Selia Draven broke from her group, striding toward Avian with obvious intent. Her scarred knuckles flexed, mouth opening to speak—
Father entered without ceremony, shadows clinging to him like old friends. Whatever Selia had planned to say died on her lips as all eight candidates turned to face their patriarch.
His scarred face swept the assembled candidates, lingering on the tension between them.
"Eight remain from sixty." His voice filled the space without effort. "You've proven your worth through trials of acquisition and combat. But leadership requires more than greed or violence."
He gestured, and servants brought forward a table covered in black cloth. When they pulled it away, eight sealed scrolls lay revealed, each bound with silver thread that seemed to twist against observation.
"The final trial is simple in concept, complex in execution." Father's smile promised nothing good. "Each scroll contains a task. Complete it within one week, and you may compete for the position of heir. Fail..."
He didn't need to finish. Failure in House Veritas had only one outcome worth mentioning.
"The tasks are tailored to each of you. Some are individual challenges. Others..." His eyes moved between Thane and Avian. "Require cooperation. They will test not just your strength or cunning, but your ability to make the hard choices leadership demands."
The scrolls began to glow with different colors — each one pulsing with a unique rhythm. But as they lifted from the table, something unexpected happened. Two scrolls — one wrapped in shadow, one humming with wrongness — began to orbit each other, drawn together like binary stars.
"Ah," Father's voice held dark amusement. "It seems the trial has made its own determination.

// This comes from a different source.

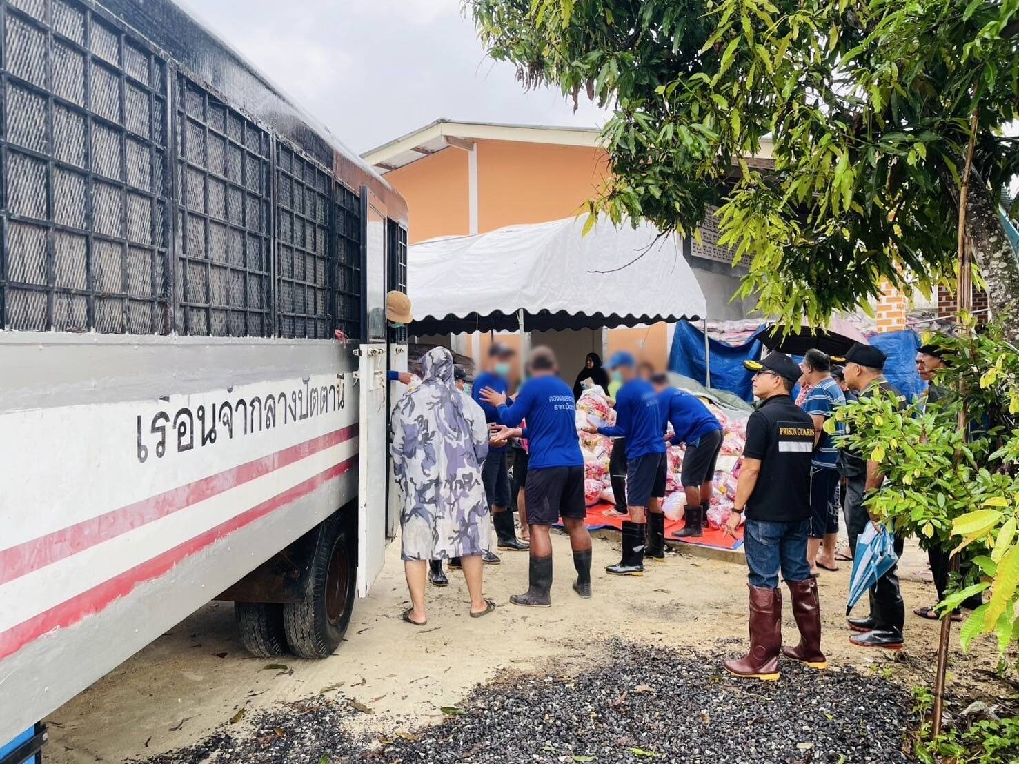เรือนจำกลางปัตตานี นำโดย นายศรชัย ตลาสุข ผู้บัญชาการเรือนจำกลางยะลา รักษาราชการแทน ผู้บัญชาการเรือนจำกลางปัตตานี นำคณะเจ้าหน้าที่ราชทัณฑ์และผู้ต้องราชทัณฑ์ชั้นดี พร้อมรถบรรทุกหกล้อ จำนวน 2 คัน ร่วมกับองค์การบริหารส่วนตำบลตะลุโบะ ภายใต้การนำของนายณกร คงคาลิหมีน ปลัด อบต.ตะลุโบะ ร่วมแรงร่วมใจกันขนถ่าย บรรทุกถุงยังชีพพร้อมน้ำดื่มเพื่อส่งมอบให้แก่ผู้ประสบภัยตามหมู่บ้านต่างๆ ในพื้นที่ ต.ตะลุโบะ อ.เมือง จ.ปัตตานี ซึ่งเป็นหนึ่งในพื้นที่ที่ได้รับผลกระทบเพื่อให้การความช่วยเหลือถึงมือผู้ประสบภัยอย่างทั่วถึง

Some tasks are meant to be shared."
The entwined scrolls drifted toward Thane and Avian, forcing them to reach for them simultaneously. The moment their fingers touched the silver thread, Thane felt a shock of connection — not just to the scroll, but to Avian. For an instant, he sensed the vast depth beneath his brother's surface, and Whisper recoiled in his shadow.
The other scrolls found their recipients — Selia's burning with fury, Marcus's heavy as stone, Clarissa's crystalline and complex. Each candidate received their fate alone.
Except for them.
"You have one hour to read your tasks in private," Father announced. "Or in the case of our brothers, in each other's company. The trial begins thereafter. May you all discover what strength truly means."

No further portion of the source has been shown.